Kastanienallee, which according to the Berliner Tagesspiegel daily “might well be Germany’s hippest drag,” has made a name for itself far beyond the city limits. It connects the vibrant borough of Mitte with the trendy district of Prenzlauer Berg.
Countless bars, cafés, restaurants, boutiques and galleries make for a creative environment that inspires international artists to set new trends and create original art for a multicultural bohemian scene that has congregated from all over the world to actively help shape the future. This, the electrifying and multilingual setting of the “place to be” in town, is the birthplace not just of tomorrow’s fashion, literature, architecture and media but also of lifestyles and existential models that reflect the ever-shifting social structures.

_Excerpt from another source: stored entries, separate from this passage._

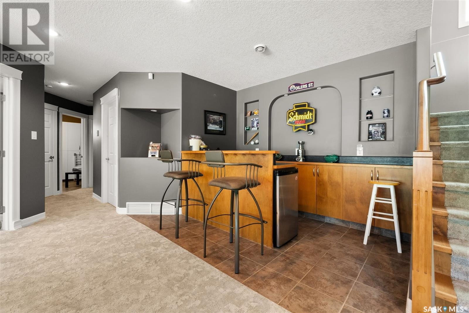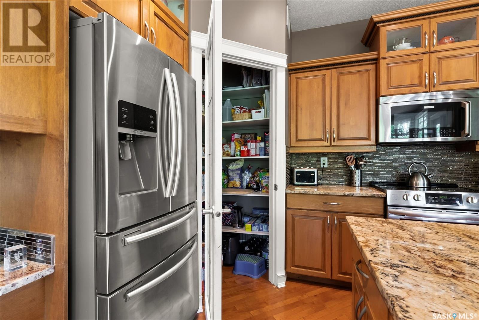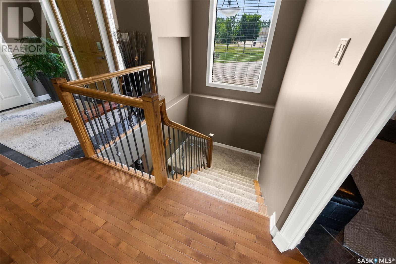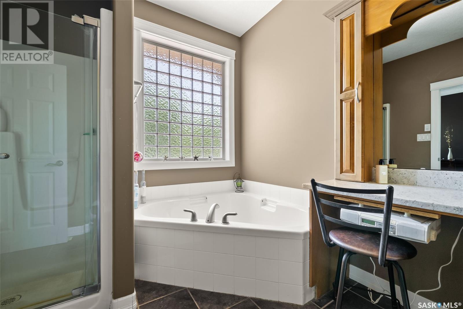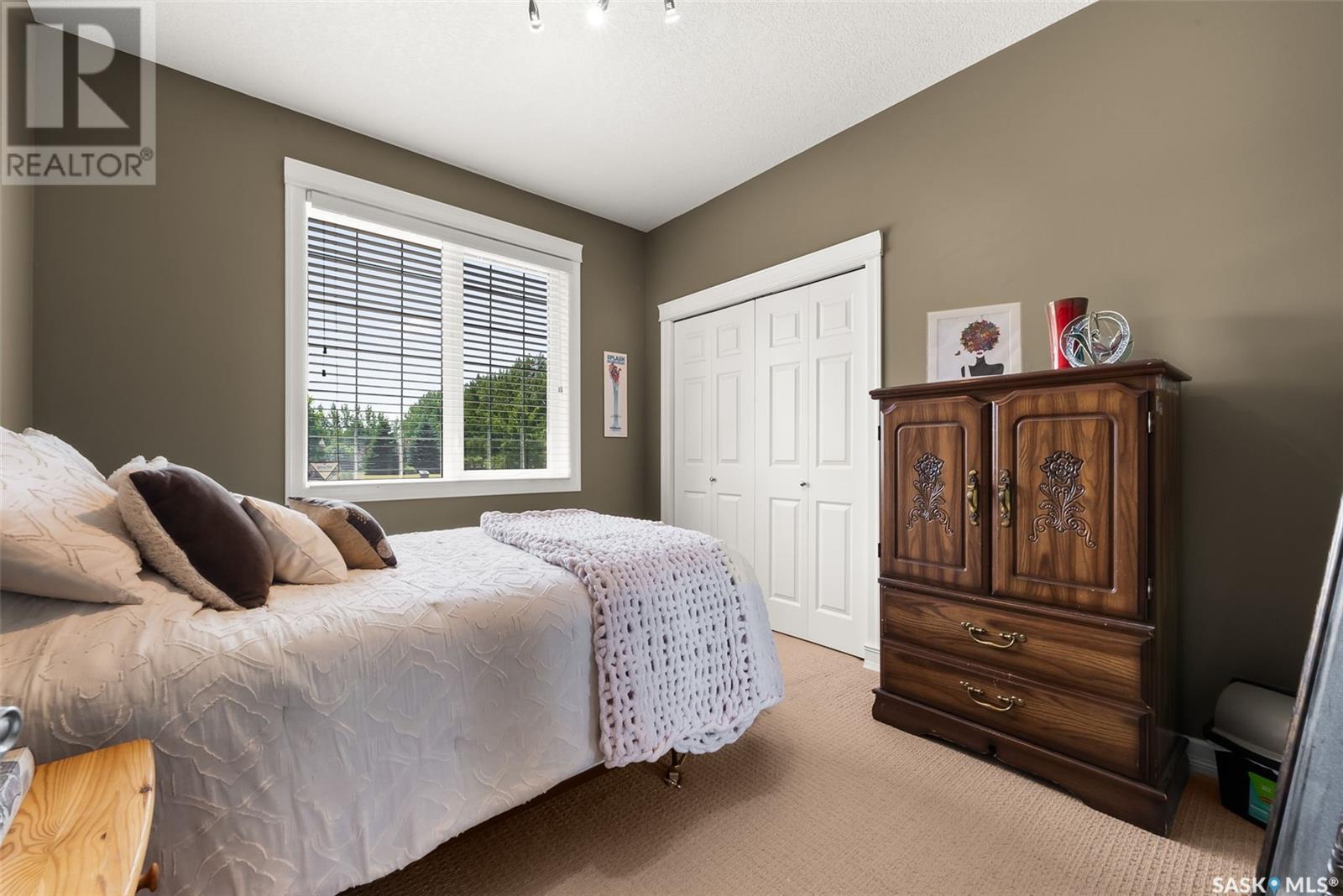 Welcome to 8 Jaxon Road - a stunning walkout bungalow nestled on 4.99 acres of park-like paradise, right on the edge of White City. Pride of ownership is evident in every inch of this meticulously maintained property, lovingly cared for by the original owners over the past 20 years. Just a short drive from Regina, this home offers the best of both worlds - quiet country living with city convenience. Step into the spacious foyer, where a beautiful two-sided gas fireplace greets you and connects the entryway to the sun-filled living room. Enjoy views of your private, tree-lined yard through oversized windows, and cozy up in the living room with built-ins and a hidden TV. The open-concept main floor flows seamlessly into the dining room and kitchen, featuring granite countertops, a corner pantry, ample cabinetry, and a full stainless steel appliance package. The main level also boasts a large primary suite with a walk-in closet and ensuite, two additional bedrooms, a full 4pc bathroom, and a clever laundry chute leading to the lower level. Downstairs, the bright walkout basement with in-floor heat offers a massive rec room complete with a wet bar, perfect for entertaining! You’ll also find two more bedrooms, an additional bathroom, a large laundry room with built-in cabinets and ironing board, and a mechanical/storage room. A mudroom with custom lockers leads into the dream garage—an oversized triple with its own bathroom and a sports locker room ideal for hockey gear or outdoor toys. Step outside to your own private park-like yard. Enjoy the covered deck, sprawling lawn, concrete patio with built-in fire pit, and wired 220V service ready for a hot tub. Underground sprinklers and three yard hydrants (fed by an 85-foot well) make caring for the lush landscape easy, while the home itself is connected to town water. This incredible acreage offers space, privacy, and the comfort of thoughtful design—ready for a new family to love it as much as the current one has. (id:43042)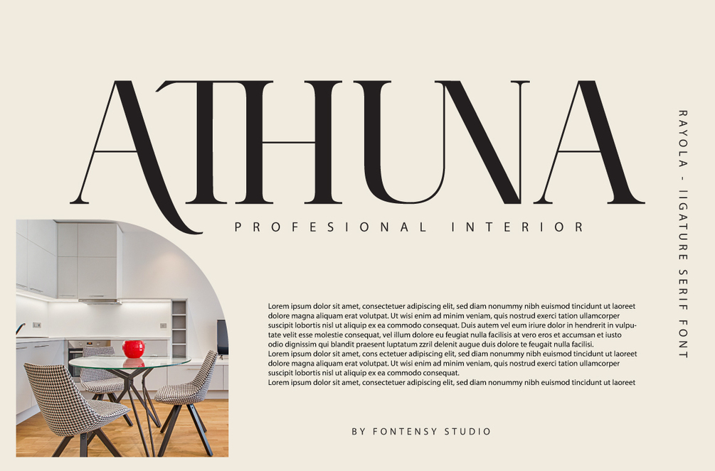 Rayola is a stylish font that is both retro and bold font. It's thick curves give a 70s groovy vibe with the serifs bringing it slightly back to traditional
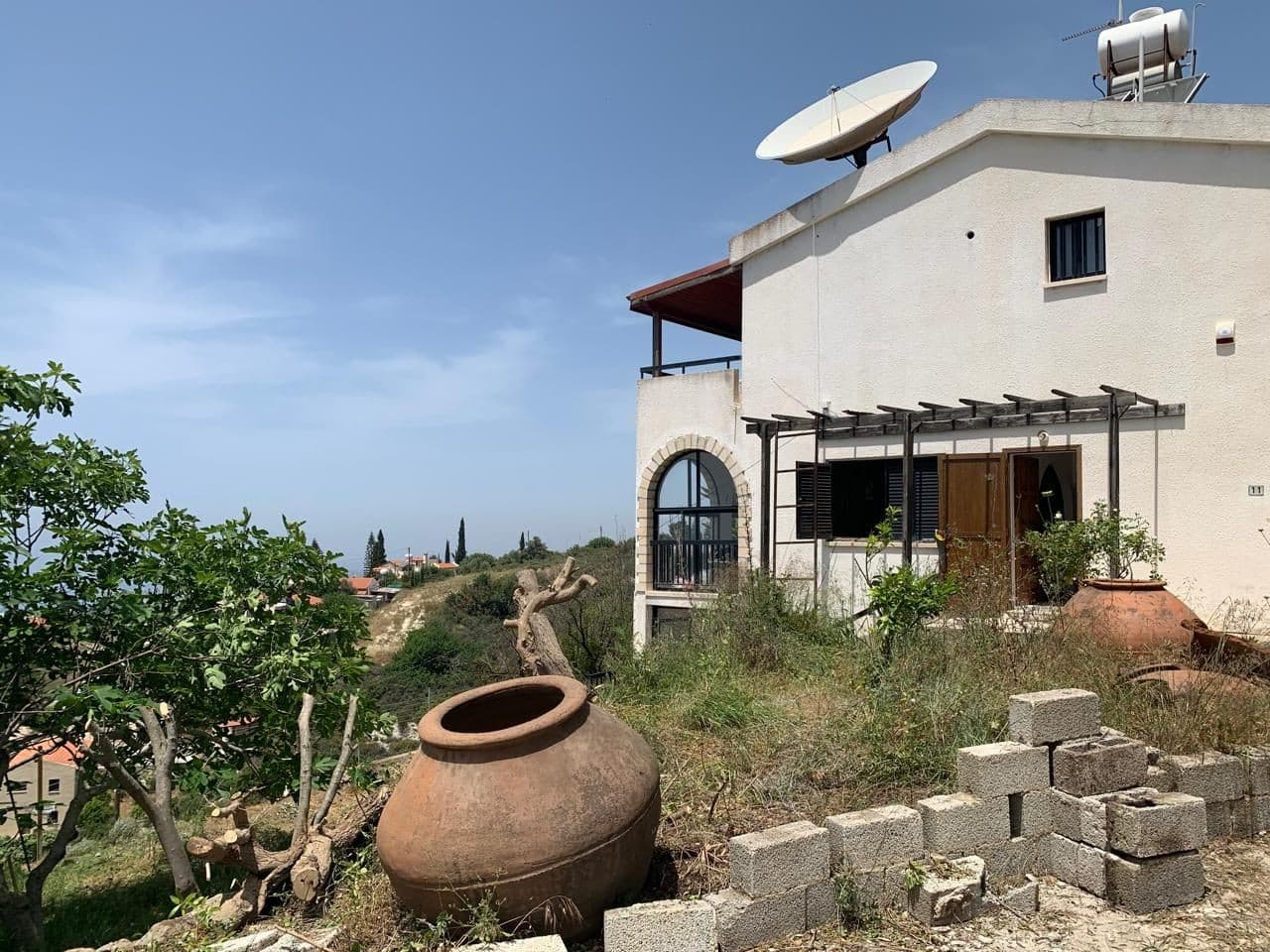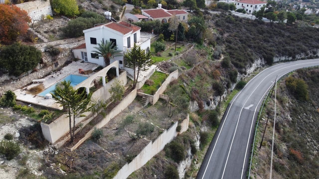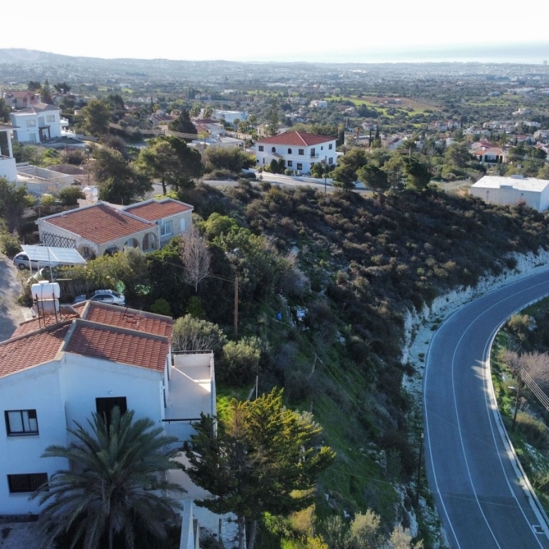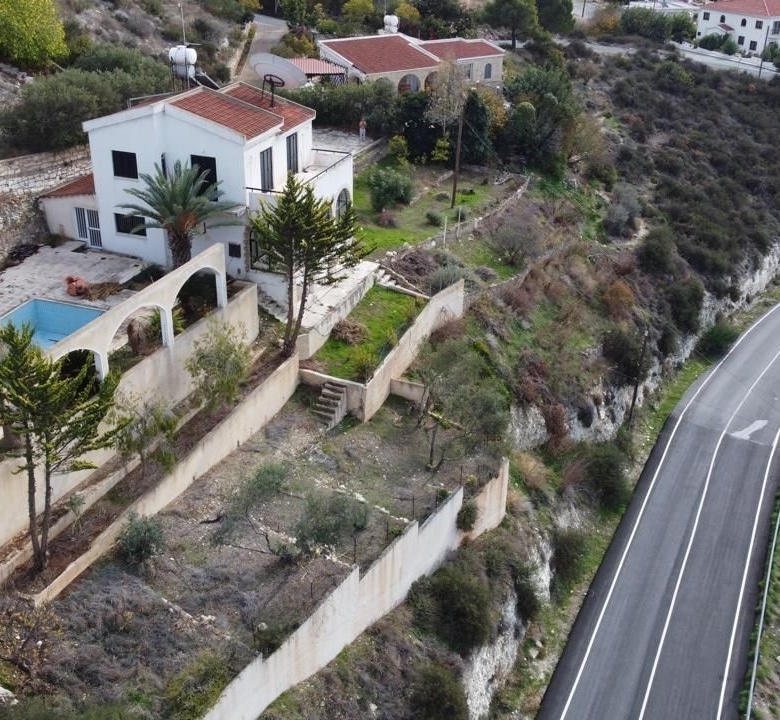 This Mediterranean style two storey freehold villa is available for sale. Located in the prime location on the mountain hills of Melissovounos, Tala village, on the outskirts of Paphos. The property is approximately 450m above sea level and approximately 6km north from the coastline with stunning breathtaking and unobstructed sea views, city and countryside and mountain views with quick and easy access to amenities and services. The villa is erected within a 1620sqm land under residential building zone with 30% building density. The south border frontage is adjacent to public road and the west border is adjacent to public green area.

Kastanienallee was laid out in 1826 as an extension of Weinbergsweg and owes its name to the chestnuts originally planted as roadside trees. During Communist times, an ambitious urban development project was conceived that would have required vacating and then razing the entire ward to make room for new housing. The project was ultimately shelved for lack of funds. Young squatters moved into the partially vacated buildings and were tolerated. They felt comfortable heating their flats with the old coal-fired stoves and saw themselves largely as artists or free spirits. After the country’s reunification, the majority of houses were redeveloped and modernised; gap sites created by wartime bombing were closed. What remained of the old-growth trees had long been damaged by leaky gas pipes. So in the late 1990s they were cut down, and the entire length of Kastanienallee was replanted in new chestnuts. Kastanienallee and its surrounding area soon became a very popular ward, studded with any number of cafés, bars, restaurants, galleries and boutiques. Indeed the street has gradually come to be known as one of the most en-vogue places in Berlin. Its local moniker has become “Casting Alley” because of the many posh boutiques lining it and their up-beat clientele.
Countless art and culture options have turned Berlin’s Mitte district and the adjacent district of Prenzlauer Berg vibrant quarters of the most diverse trends and cultures where sub culture and high culture meld into an exciting symbiosis.